Exercise objective » Below are entries; output exactly the lines from the one with "O boletim epidemiológico" to the one with "Fusarium culmorum strain", both included, and nothing else.

BEGIN Dataset content

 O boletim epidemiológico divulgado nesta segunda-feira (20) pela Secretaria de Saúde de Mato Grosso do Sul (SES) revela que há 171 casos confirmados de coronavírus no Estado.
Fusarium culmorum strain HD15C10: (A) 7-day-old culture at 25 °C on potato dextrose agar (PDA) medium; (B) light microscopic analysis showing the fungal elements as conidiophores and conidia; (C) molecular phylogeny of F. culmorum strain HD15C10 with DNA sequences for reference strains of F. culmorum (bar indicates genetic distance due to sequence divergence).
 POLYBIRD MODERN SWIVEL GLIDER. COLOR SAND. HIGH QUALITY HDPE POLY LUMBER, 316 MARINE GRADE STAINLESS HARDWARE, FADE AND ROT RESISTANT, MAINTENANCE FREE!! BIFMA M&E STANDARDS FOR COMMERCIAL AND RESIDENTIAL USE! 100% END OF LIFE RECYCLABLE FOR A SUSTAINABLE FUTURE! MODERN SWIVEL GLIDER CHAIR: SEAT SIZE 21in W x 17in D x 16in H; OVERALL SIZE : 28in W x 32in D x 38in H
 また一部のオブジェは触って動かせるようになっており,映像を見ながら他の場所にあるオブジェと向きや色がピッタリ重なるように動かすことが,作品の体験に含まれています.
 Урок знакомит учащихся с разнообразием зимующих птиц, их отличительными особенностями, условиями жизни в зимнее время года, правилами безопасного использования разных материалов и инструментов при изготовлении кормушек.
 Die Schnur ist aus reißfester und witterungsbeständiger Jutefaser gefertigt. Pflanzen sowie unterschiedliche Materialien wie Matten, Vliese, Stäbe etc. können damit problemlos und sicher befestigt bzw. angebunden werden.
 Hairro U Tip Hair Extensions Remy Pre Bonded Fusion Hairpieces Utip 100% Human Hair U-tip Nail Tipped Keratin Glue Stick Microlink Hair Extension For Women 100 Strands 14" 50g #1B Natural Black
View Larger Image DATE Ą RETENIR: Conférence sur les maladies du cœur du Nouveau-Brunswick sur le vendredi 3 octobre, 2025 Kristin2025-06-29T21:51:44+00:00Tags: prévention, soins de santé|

END Dataset content
BEGIN Dataset content

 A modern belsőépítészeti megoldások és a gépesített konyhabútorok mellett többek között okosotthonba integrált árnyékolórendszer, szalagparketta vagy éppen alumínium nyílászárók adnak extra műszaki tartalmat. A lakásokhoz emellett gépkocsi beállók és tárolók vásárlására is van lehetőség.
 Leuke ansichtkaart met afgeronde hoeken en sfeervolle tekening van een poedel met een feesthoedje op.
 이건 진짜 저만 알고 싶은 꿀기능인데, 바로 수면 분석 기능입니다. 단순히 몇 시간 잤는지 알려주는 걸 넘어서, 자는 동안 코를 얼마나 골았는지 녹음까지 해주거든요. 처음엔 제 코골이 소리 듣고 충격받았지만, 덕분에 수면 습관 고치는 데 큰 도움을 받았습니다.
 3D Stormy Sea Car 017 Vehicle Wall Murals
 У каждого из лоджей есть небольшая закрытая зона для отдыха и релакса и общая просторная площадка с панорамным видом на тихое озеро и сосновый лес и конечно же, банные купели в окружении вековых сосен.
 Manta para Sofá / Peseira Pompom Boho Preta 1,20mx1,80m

END Dataset content

Output »
 O boletim epidemiológico divulgado nesta segunda-feira (20) pela Secretaria de Saúde de Mato Grosso do Sul (SES) revela que há 171 casos confirmados de coronavírus no Estado.
Fusarium culmorum strain HD15C10: (A) 7-day-old culture at 25 °C on potato dextrose agar (PDA) medium; (B) light microscopic analysis showing the fungal elements as conidiophores and conidia; (C) molecular phylogeny of F. culmorum strain HD15C10 with DNA sequences for reference strains of F. culmorum (bar indicates genetic distance due to sequence divergence).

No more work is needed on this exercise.